[Exercise requirements]:
Repeat every line of the data exactly, but not the pictures.

[Data extract]:
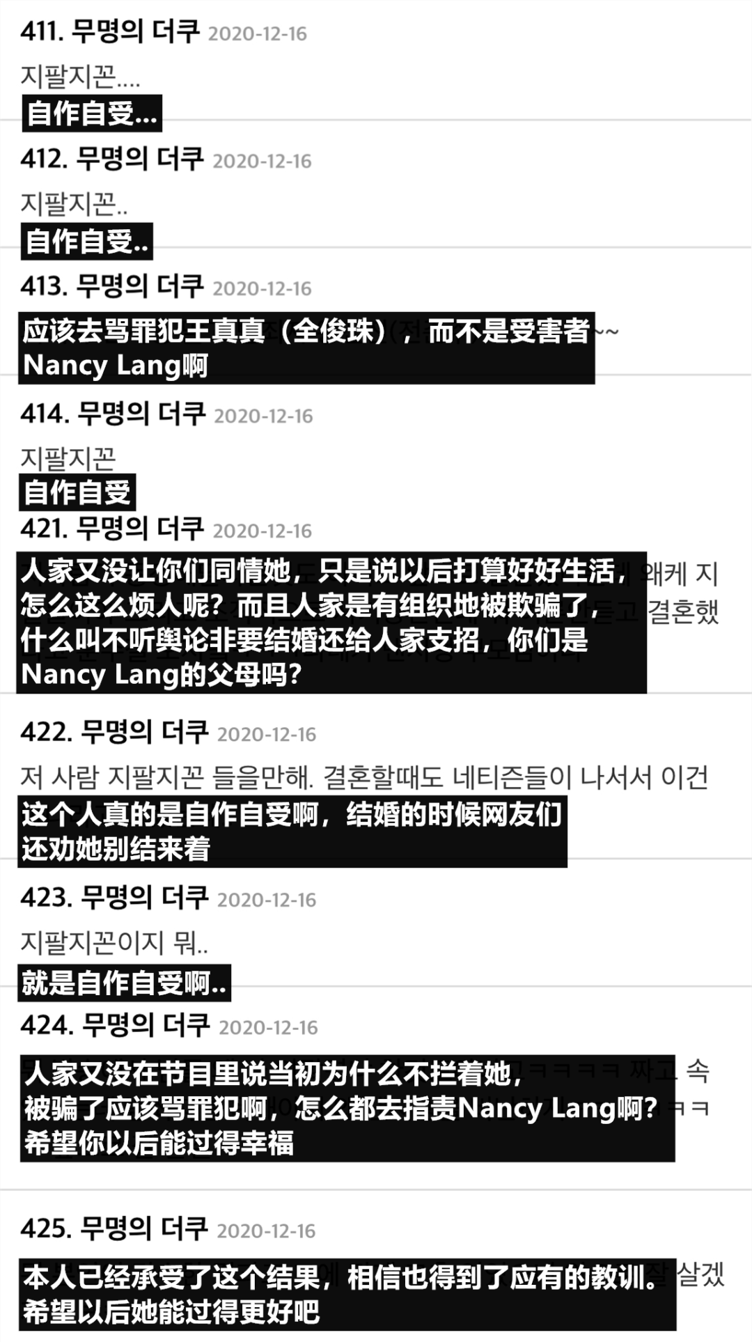 而对于她曾经的不幸经历,韩国网友们发表了褒贬不一的看法。其中一部分网友认为“Nancy Lang是自作自受”,另一部分网友表示“希望她今后能好好生活”...
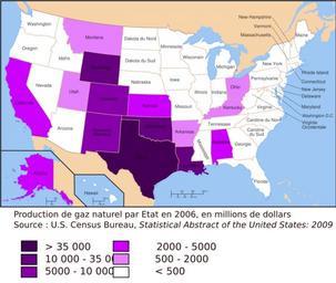Keywords: Carte gaz USA 2006.svg fr carte de la production de gaz naturel aux Etats-Unis en 2006 en milliards de dollars Source Carte de la production de minerais hors hydrocarbures aux Etats-Unis par Etat en 2007 Source U S Census Bureau Statistical Abstract of the United States 2009 http //www census gov/compendia/statab/2009edition html Section Natural Resources Own Urban 2009-04-23 Maps of natural gas production Economic maps of the United States
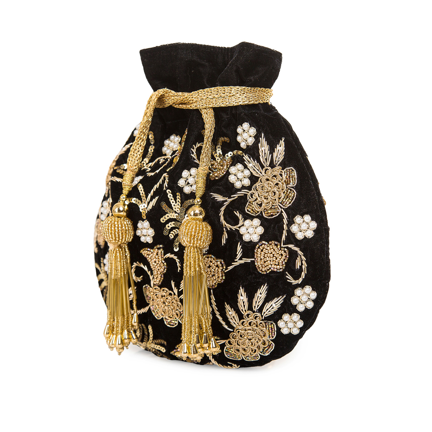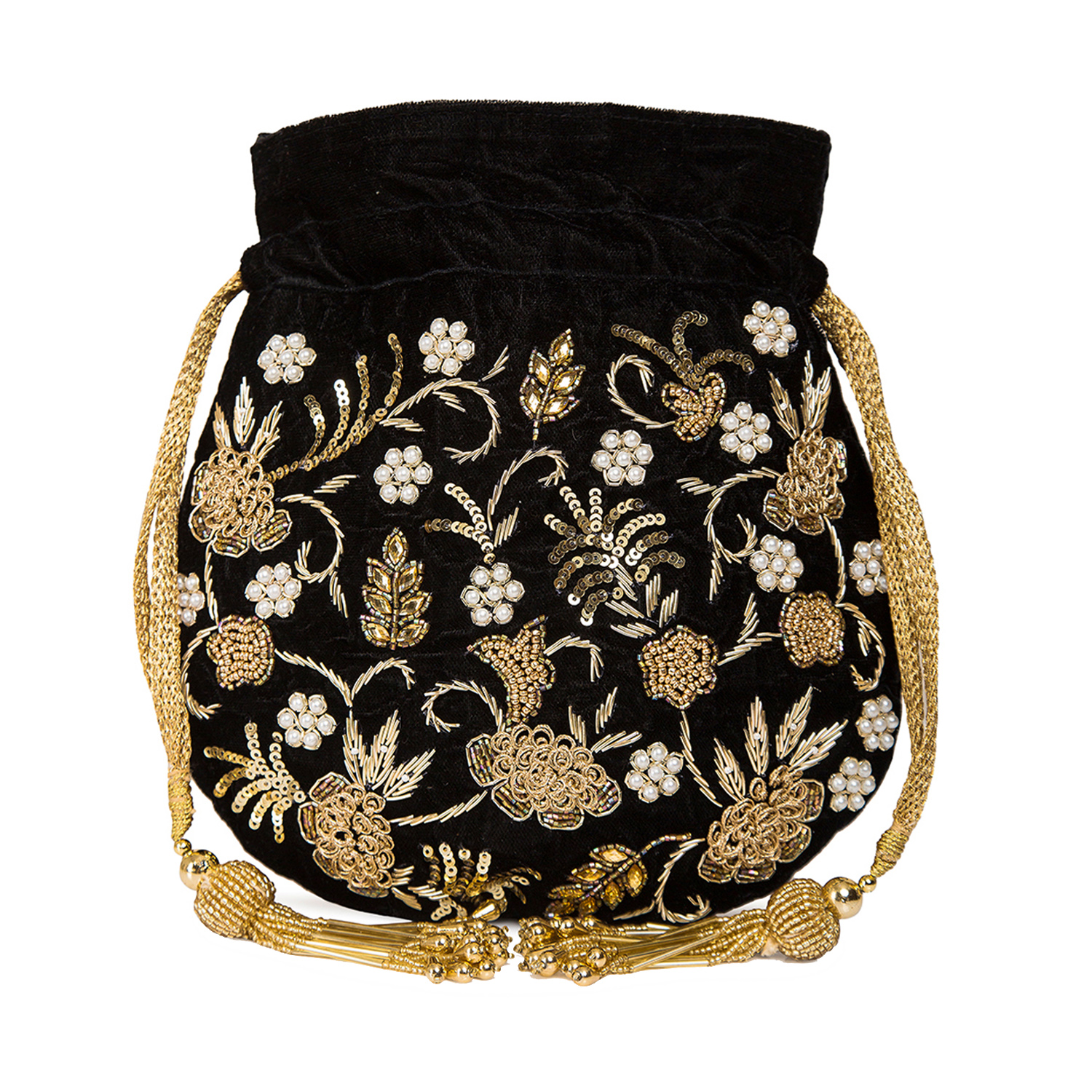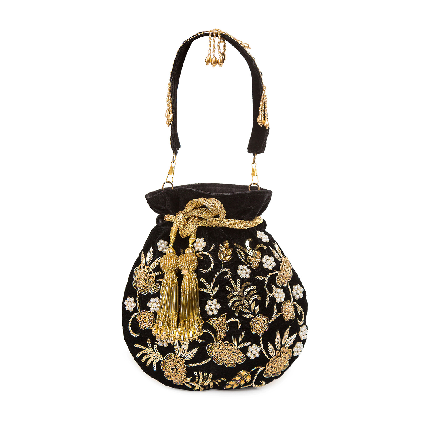 MATERIAL : Hand Work on Black Velvet, Pearls, Gold Zardozi, Gold Sequins, Gold Cut Stones & Beads, Gold Beaded Dori With Tassels, Black Poly – Silk Lining, Optional Black Handle With Tassels. This handcrafted product is ready to ship.
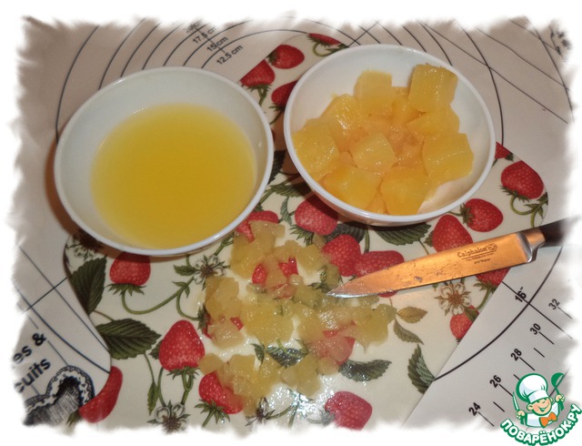 Ананасы отделяем от сиропа. Сироп будем использовать для пропитки коржей. Ананасы режем на маленькие кусочки, которые будут добавлены в крем. Можно использовать любые фрукты или ягоды - как свежие, так и консервированые.

[Task output]:
 而对于她曾经的不幸经历,韩国网友们发表了褒贬不一的看法。其中一部分网友认为“Nancy Lang是自作自受”,另一部分网友表示“希望她今后能好好生活”...
Keywords: Carte gaz USA 2006.svg fr carte de la production de gaz naturel aux Etats-Unis en 2006 en milliards de dollars Source Carte de la production de minerais hors hydrocarbures aux Etats-Unis par Etat en 2007 Source U S Census Bureau Statistical Abstract of the United States 2009 http //www census gov/compendia/statab/2009edition html Section Natural Resources Own Urban 2009-04-23 Maps of natural gas production Economic maps of the United States
 MATERIAL : Hand Work on Black Velvet, Pearls, Gold Zardozi, Gold Sequins, Gold Cut Stones & Beads, Gold Beaded Dori With Tassels, Black Poly – Silk Lining, Optional Black Handle With Tassels. This handcrafted product is ready to ship.
 Ананасы отделяем от сиропа. Сироп будем использовать для пропитки коржей. Ананасы режем на маленькие кусочки, которые будут добавлены в крем. Можно использовать любые фрукты или ягоды - как свежие, так и консервированые.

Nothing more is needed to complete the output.